(Exercise data)

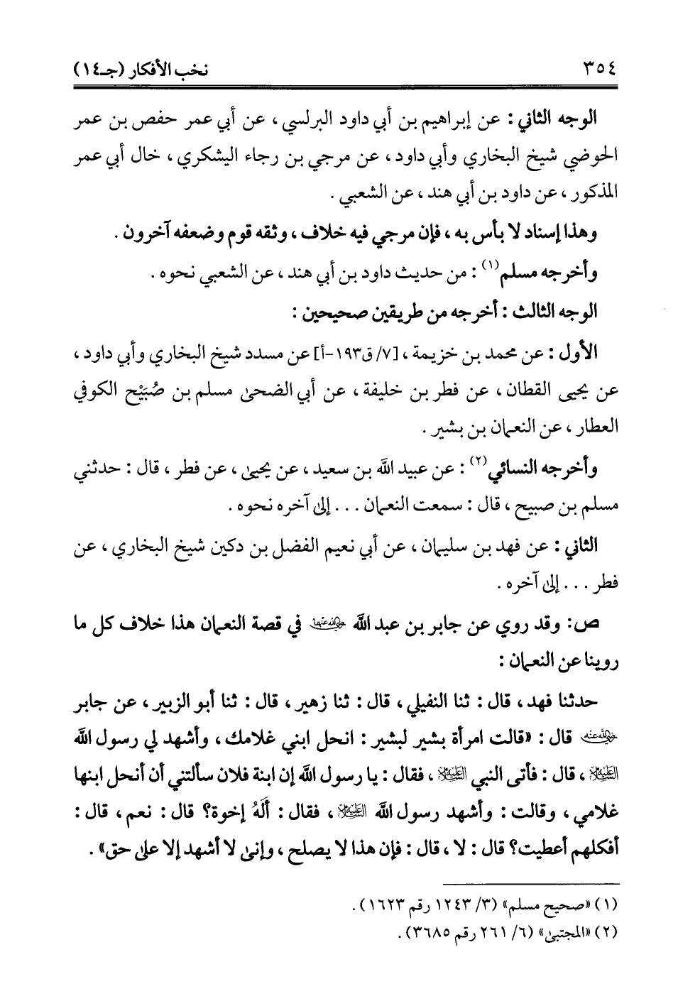 حدثنا فهد، قال: ثنا النفيلي، قال: ثنا زهير، قال: ثنا أبو الزبير، عن جابر - رضي الله عنه - قال: "قالت امرأة بشير لبشير: انحل ابني غلامك، وأشهد لي رسول الله -عليه السلام-، قال: فأتى النبي -عليه السلام-، فقال: يا رسول الله إن ابنة فلان سألتني أن أنحل ابنها غلامي، وقالت: وأشهد رسول الله -عليه السلام-، فقال: ألَهُ إخوة؟ قال: نعم، قال: أفكلهم أعطيت؟ قال: لا، قال: فإن هذا لا يصلح، وإني لا أشهد إلا على حق".
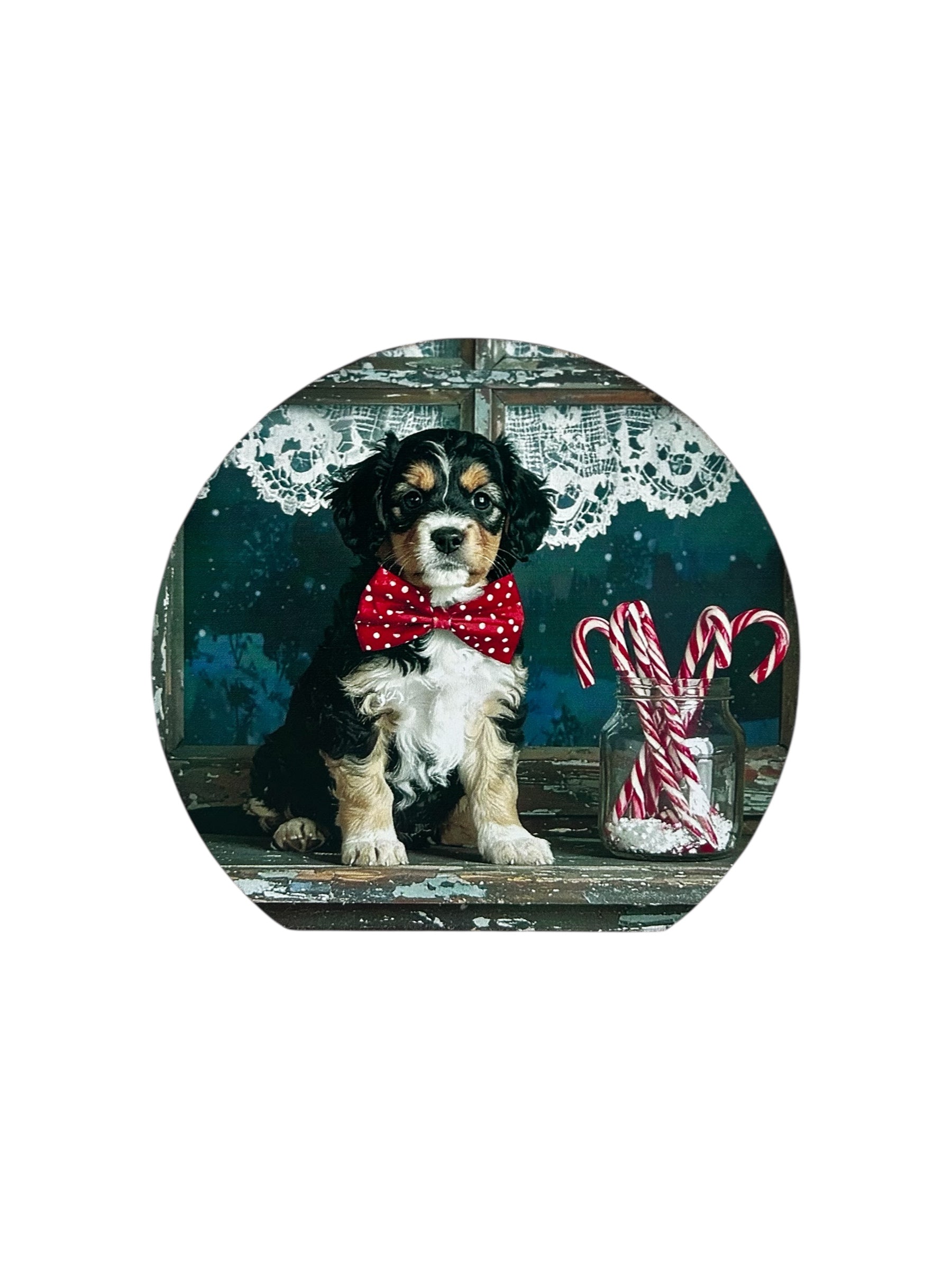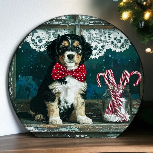 Doggy in the Window - Wood Holiday Decor Circle Sign
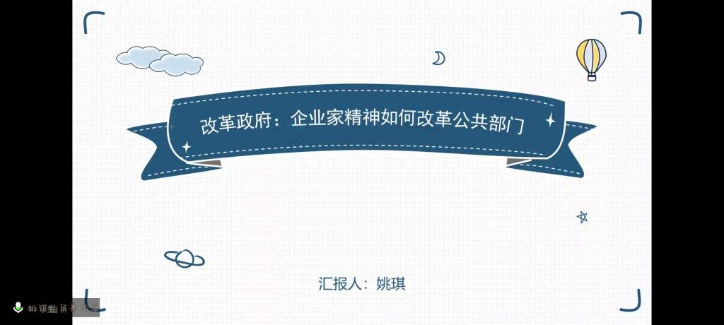 会议伊始,韩静同学对本次读书会活动进行简要介绍,使同学们了解活动背景和活动意义。随后,读书会正式开始。四位同学分别分享了自己阅读的书目,并就书籍内容提出了自己的简要见解。其中,蔡朋城同学、杨欣月同学、姚琪同学分享了有关《改革政府:企业家精神如何改革公共部门》的内容。蔡朋城同学从名人推荐入手,首先阐述了《改革政府》对于地方政府治理变革的重要意义。《改革政府》作为“享誉全球的政府管理权威作品”,提出了著名的十大“药方”。在有选择性地对十大原则进行分享后,蔡朋城同学提出了问题,即改革政府的十条原则对于当前中国政府改革有怎样的借鉴意义。而后,杨欣月同学从中国具体实践出发,分析了改革政府的十大原则在中国社会实践中的运用。与蔡朋城、杨欣月两位同学不同的是,姚琪同学采取了更加微观的角度,具体描述了“竞争性”政府这一原则的深层含义并分享了相关案例。
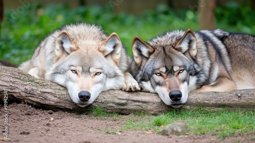 © lililia, Fototapeta premium A gray-furred wolf with a white belly gazes at the camera while lying near a tree trunk, accompanied by another wolf, both enjoying their serene habitat
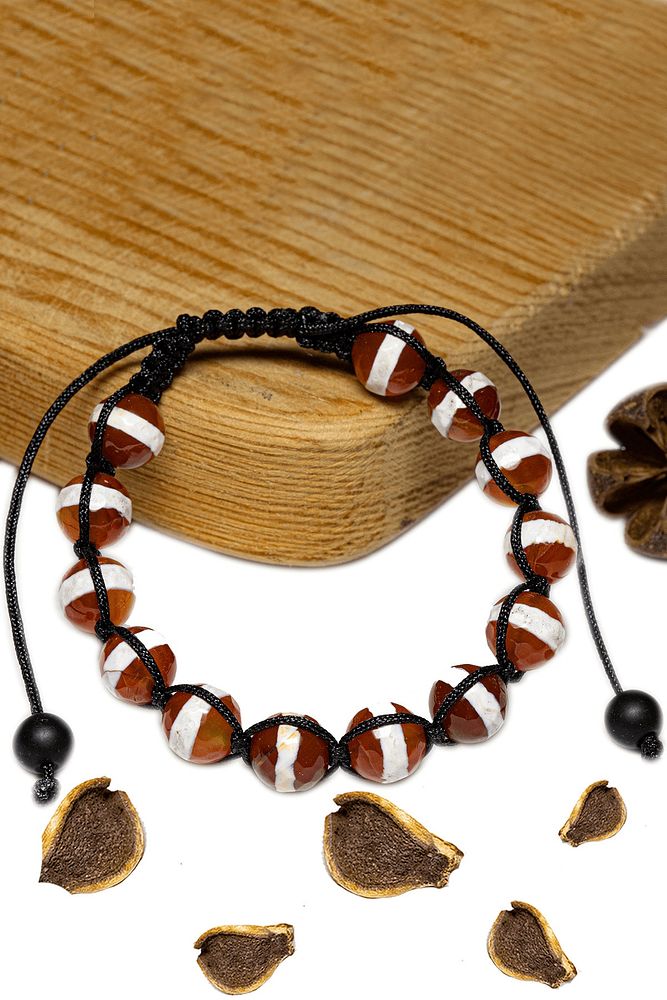 Sertifikalı Çizgili Kırmızı Tibet Akik Taşı Bileklik

(Task objective)
Copy out the lines above in full and unaltered, apart from the pictures.

(The completed task)
 حدثنا فهد، قال: ثنا النفيلي، قال: ثنا زهير، قال: ثنا أبو الزبير، عن جابر - رضي الله عنه - قال: "قالت امرأة بشير لبشير: انحل ابني غلامك، وأشهد لي رسول الله -عليه السلام-، قال: فأتى النبي -عليه السلام-، فقال: يا رسول الله إن ابنة فلان سألتني أن أنحل ابنها غلامي، وقالت: وأشهد رسول الله -عليه السلام-، فقال: ألَهُ إخوة؟ قال: نعم، قال: أفكلهم أعطيت؟ قال: لا، قال: فإن هذا لا يصلح، وإني لا أشهد إلا على حق".
 Doggy in the Window - Wood Holiday Decor Circle Sign
 会议伊始,韩静同学对本次读书会活动进行简要介绍,使同学们了解活动背景和活动意义。随后,读书会正式开始。四位同学分别分享了自己阅读的书目,并就书籍内容提出了自己的简要见解。其中,蔡朋城同学、杨欣月同学、姚琪同学分享了有关《改革政府:企业家精神如何改革公共部门》的内容。蔡朋城同学从名人推荐入手,首先阐述了《改革政府》对于地方政府治理变革的重要意义。《改革政府》作为“享誉全球的政府管理权威作品”,提出了著名的十大“药方”。在有选择性地对十大原则进行分享后,蔡朋城同学提出了问题,即改革政府的十条原则对于当前中国政府改革有怎样的借鉴意义。而后,杨欣月同学从中国具体实践出发,分析了改革政府的十大原则在中国社会实践中的运用。与蔡朋城、杨欣月两位同学不同的是,姚琪同学采取了更加微观的角度,具体描述了“竞争性”政府这一原则的深层含义并分享了相关案例。
 © lililia, Fototapeta premium A gray-furred wolf with a white belly gazes at the camera while lying near a tree trunk, accompanied by another wolf, both enjoying their serene habitat
 Sertifikalı Çizgili Kırmızı Tibet Akik Taşı Bileklik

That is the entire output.